CGS-CIMB RESEARCH (JUNE 1): We expect the demerger of SBG Group (mostly retails the Sembonia brand) and its subsequent listing on the LEAP Market to be completed sometime in 3QFY22. We retain our neutral to slightly negative view of this exercise as the benefits of having different platforms to optimise strategies and capital management for specific brands would be offset by the lower liquidity in the LEAP Market compared with Bursa Malaysia’s Main and ACE Markets.

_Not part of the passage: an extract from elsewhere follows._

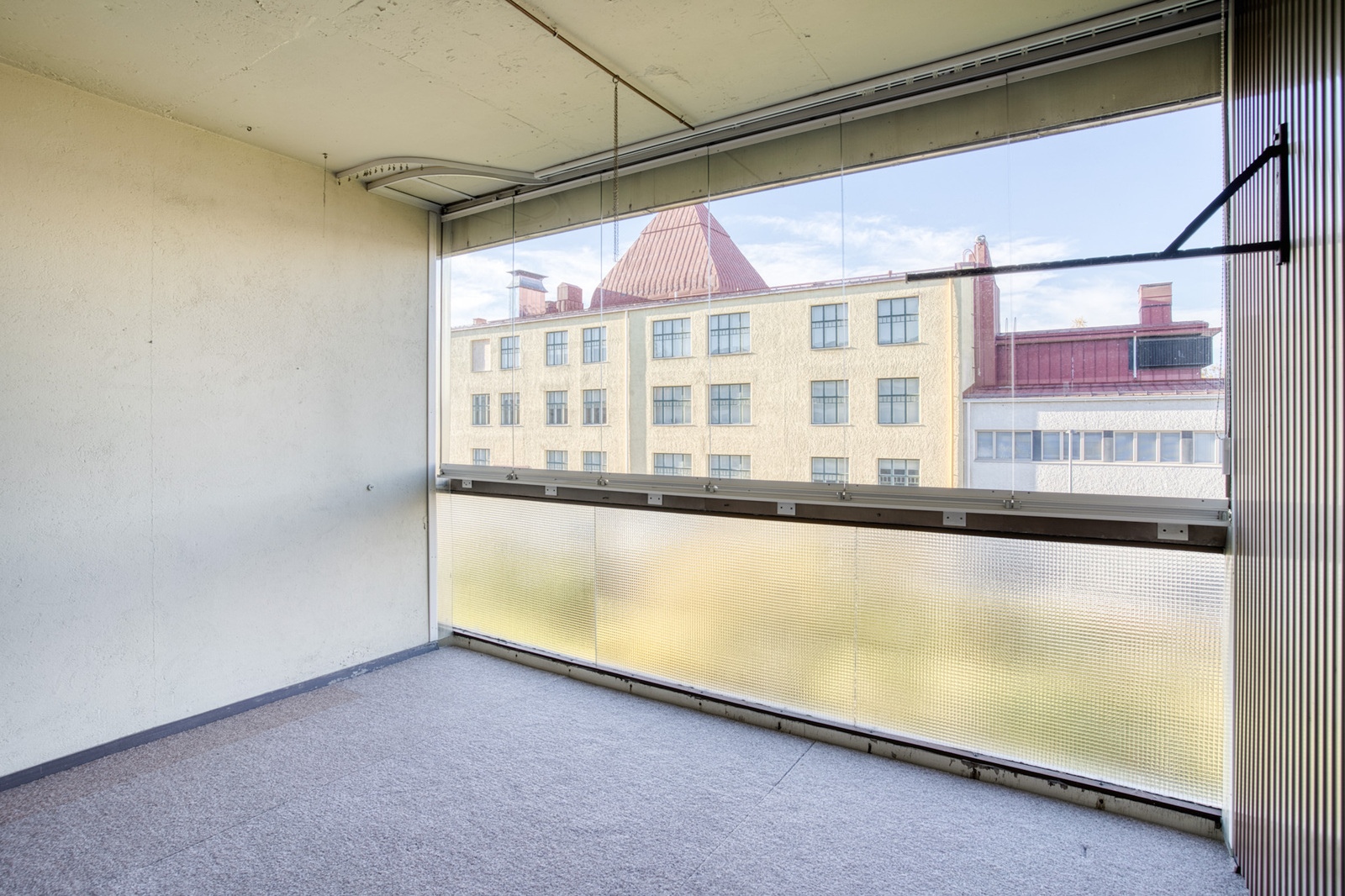 Olohuoneesta on käynti kodin lasitetulle parvekkeelle. Täällä on ihanaa poltella kynttilöitä ja katsella taivaan tummumista iltaa kohti.
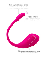 - Второе поколение самого популярного смарт‑вибратора: повышена устойчивость соединения, кнопка управления перенесена на конец хвостика-антенны, моторчик еще мощнее.

We slightly raise our FY21 EPS forecast, as we lower our revenue assumptions, but lift our margin forecast in the light of 9MFY21 earnings beating consensus. We retain our “add” call on the stock, with an unchanged target price of RM1, still based on FY22 P/BV of 0.5 times. Notwithstanding the challenges to retailers, we remain positive on Bonia’s improving profitability and disciplined cost management. Key rerating catalysts include faster-than-expected sales recovery. Key downside risks are a prolonged nationwide lockdown, higher-than-expected operating costs and intensifying competition.

Johore Tin Bhd

Target price: RM2.25 OUTPERFORM

PUBLICINVEST RESEARCH (JUNE 1): Johore Tin’s net profit jumped 109% y-o-y to RM9.5 million in 1QFY21, likely attributable to the normalised margin in the tin manufacturing segment following the adjustment of selling price. After adjusting for one-off items, its 1QFY21 core net profit came in at RM10 million. The results were within expectations, accounting for 20% and 22% of our and consensus’ full-year estimates respectively. Nevertheless, we are adjusting our forecast for FY21-23 downwards by 3% to 7% to account for MCO 3.0 impact, as the company is only allowed to operate at 60% capacity, coupled with the increase in raw material costs. We are still positive on its long-term outlook as its Mexico operations should enable the company to tap the North American market.

We maintain our “outperform” call, with a higher target price of RM2.25 — up from RM2.08 previously — as we roll forward our valuation base year to FY22 EPS. For the quarter, Johore Tin declared a single-tier interim dividend of one sen.